What is needed: Work through the data below line by line and say how many lines hold "Côte"; give only the number.

Saved data entries:
========
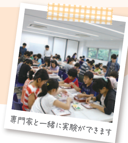
専門家と一緒に実験ができます

生物と環境 (小6理科) 大気と海洋 (中2理科) 自然環境の保全 (中3理科)
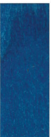
160 Blau auf Ahorn
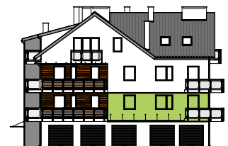
Elewacja frontowa - południowa
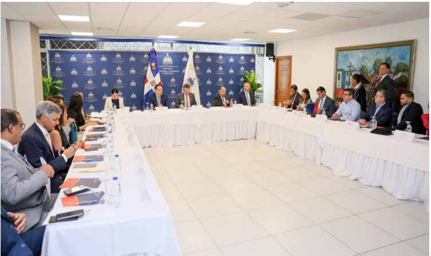
La primera reunión del Consejo Nacional de Logística (CNL) se realizó con la presencia de importantes representantes de los sectores público y privado.
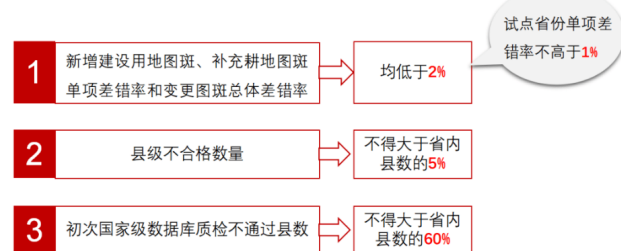
图2 更新成果质量评价指标

把收集上来的数据进行整理处理后,直接上传到国土调查云软件中,并利用在线举证的途径对佐证材料进行上传,并将其存储到运算服务器中;完成数据上传工作中,需要对数据质量展开全面性核验和调查,确保其真实性与准确
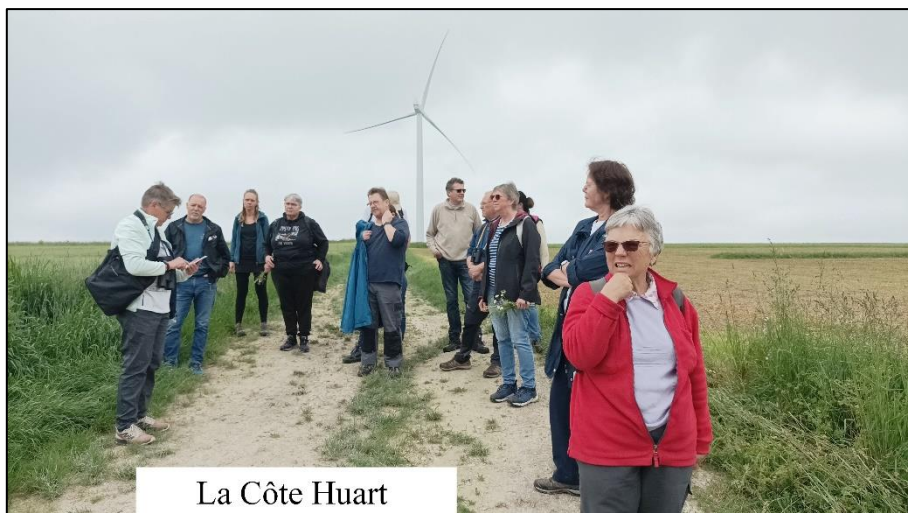
La Côte Huart

Nous montons la « Côte Huart » où nous avons la chance d'observer plusieurs couples de busards cendrés. Arrivés depuis peu, ils sont en reconnaissance afin de choisir leur site de nidification dans les champs de céréales. Nous descendons le « Champ la Meule » où plusieurs lièvres offrent le spectacle du bouquinage. D'autres chants d'oiseaux révèlent la présence du Pouillot véloce et du Pinson des arbres.
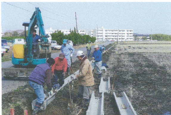
H20に共同による初の改修にチャレンジ
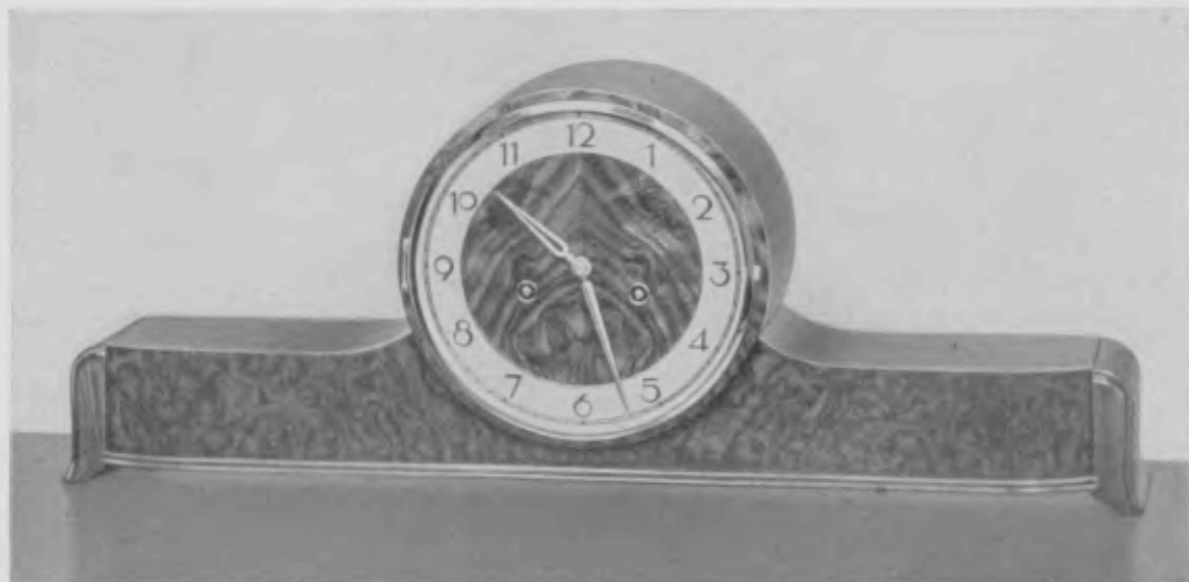
21,5 x 60,5 cm = 8½ x 23¾ inches
========
Solution for this exercise: 2